Comparison of the distance of occurrence of species records from conflict events according to their Red List conservation status. Our analysis showed a significant difference (Kruskal-Wallis test: H = 4760, df = 7, p < 0.0001) in the distance from conflict areas. The whiskers represent the 95% CI. Figure was generated using GraphPad Prism 921.

More importantly, both our findings shed light on the critical need for careful contextualisation of our conclusions to prevent potential misinterpretation by the public. Conversely, from the opposing findings of Pitogo and colleagues, the following question arises: Why does species richness drop as you move farther from conflict zones? To make their case more compelling, Pitogo and colleagues could strengthen their argument and raise informed dialogue by offering alternative explanations to reconcile opposing findings and include alternative conflict datasets for deeper analysis. This would provide a balanced perspective and allow conservation biologists and policymakers to develop practical solutions grounded in a thorough understanding of sociopolitical conflict and biodiversity.

Sociopolitical conflicts disrupt biodiversity surveys, data collection, and conservation efforts, creating gaps in our understanding of biodiversity dynamics in the affected areas17,18. When linked to habitat loss or subsistence hunting, such conflicts can lead to biodiversity loss, which is often unmeasured because of limited data generation. Conversely, they may create areas where humans cannot access and allow wildlife populations to grow19. As awareness grows, conflicts emerge as an underestimated yet critical indirect driver of global biodiversity loss18,20. In the Philippines, the impact of warfare on biodiversity remains underexplored, and our research pioneers this field while acknowledging the need for further scientific and political priority settings to fully understand this relationship.

Finally, we reassure Pitogo and colleagues that our study is not a panacea, but only serves as an initial step to stimulate dialogue on this important yet often overlooked environmental issue.
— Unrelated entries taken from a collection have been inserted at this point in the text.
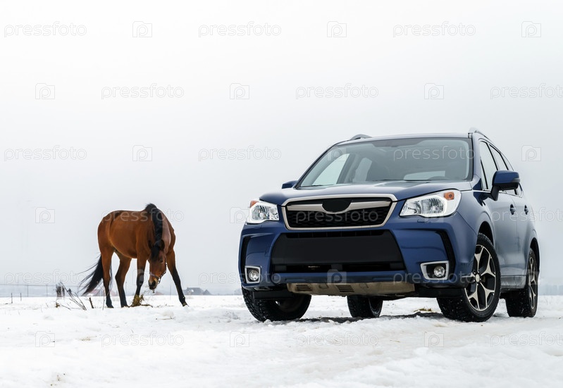 Мощный автомобиль внедорожник 4х4 и лошадь
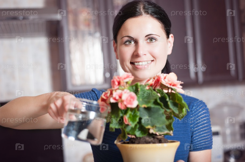 Женщина поливает цветы
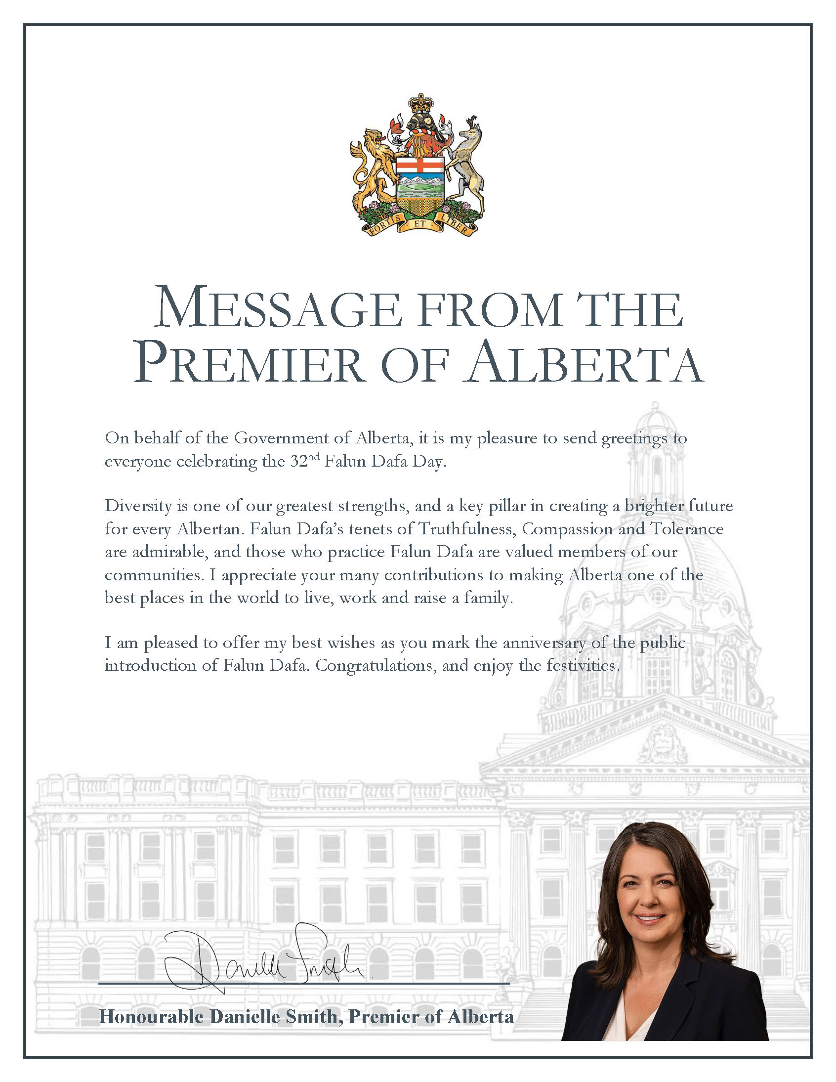 亚省省长丹尼尔·史密斯(Danielle Smith)“很高兴代表亚伯塔省政府向庆祝法轮大法日的每个人致以问候!”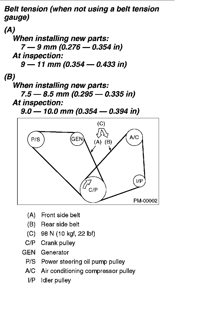 2) Check the V-belt tension and adjust it if necessary by changing the generator installing position or idler pulley installing position.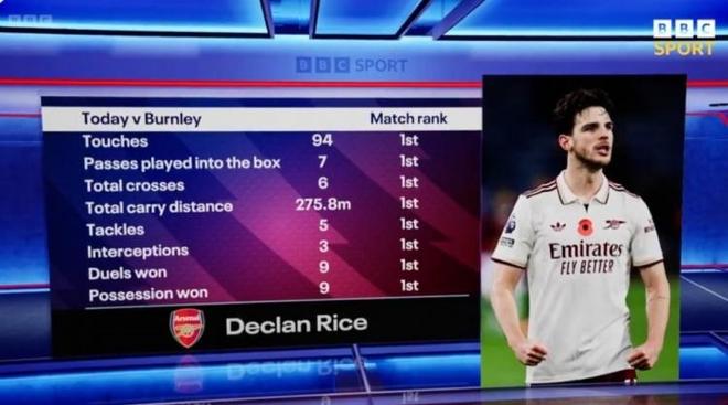 这场比赛中,中场核心赖斯的表现堪称现象级,他不仅踢满全场并贡献一粒头球破门,更在多项关键数据上独占鳌头:全场触球 94 次、将球传入对方禁区 7 次、传中 6 次、带球距离 275.8 米、抢断 5 次、拦截 3 次、对抗成功 9 次、夺得球权 9 次。凭借这样全面且统治级的表现,赖斯以 88% 的得票率毫无悬念地当选本场阿森纳队内最佳球员。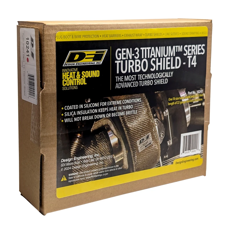 Erhöhe die Leistung deines turbogeladenen Motors mit dem DEI Gen-3 Turbo-Schutzschild T4. Dieser fortschrittliche Turboschutzschild bietet unübertroffene Hitzebeständigkeit und Haltbarkeit. Mit seiner silikonbeschichteten Titan-Außenschicht und mehreren Edelstahl- und Silica-Innenschichten ist dieser Schild der stärkste und hitzebeständigste auf dem Markt.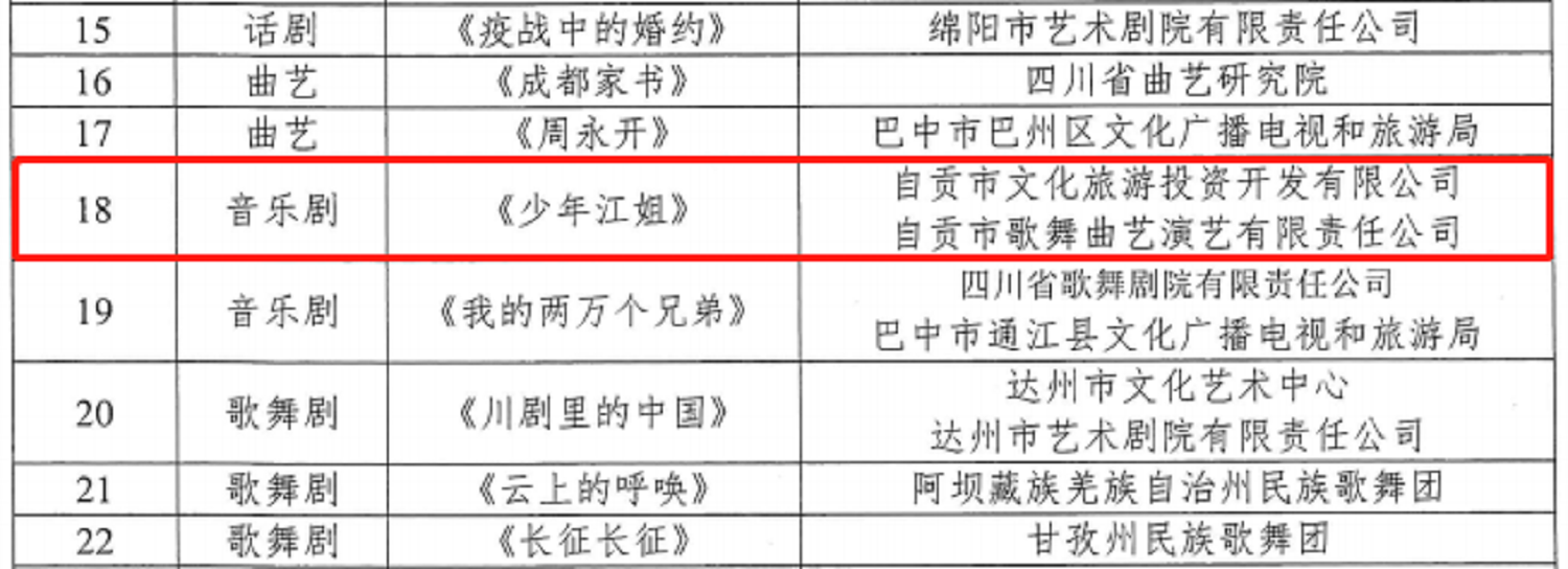 7月12日,四川省文化和旅游廳公布了第三屆四川藝術(shù)節(jié)精品劇目展演暨第五屆四川文華獎(jiǎng)劇目初評(píng)入圍名單,由自貢文旅投公司出品、自貢市歌舞曲藝演藝有限責(zé)任公司制作的原創(chuàng)音樂劇《少年江姐》成功入圍參演參評(píng)。這也是繼音樂劇《紅梅花開》榮獲國(guó)家藝術(shù)基金立項(xiàng)扶持后,自貢文旅投公司再次推出的江姐系列文藝精品力作。

Acknowledging that our analysis does not offer a single silver bullet solution to the ongoing socioecological challenge, we welcome and anticipate further studies that will deepen our understanding and address the complex issues between the impact of sociopolitical conflict on biodiversity in the Philippines. We urge readers to consider the broader context of our study to understand the importance of our findings in addressing key ecological concerns and enhancing awareness of the negative impact of sociopolitical conflict on biodiversity. As mentioned earlier, we appreciate the criticisms from Pitogo and colleagues, as they highlight the need for further efforts in this area of environmental research. There is still much to discuss about the best way to do it. We hope that this response not only clarifies the procedures they questioned but also contributes to advancing the field and highlights the significance of our work in driving meaningful progress in biodiversity conservation efforts in Mindanao and other regions facing similar challenges due to war and conflict.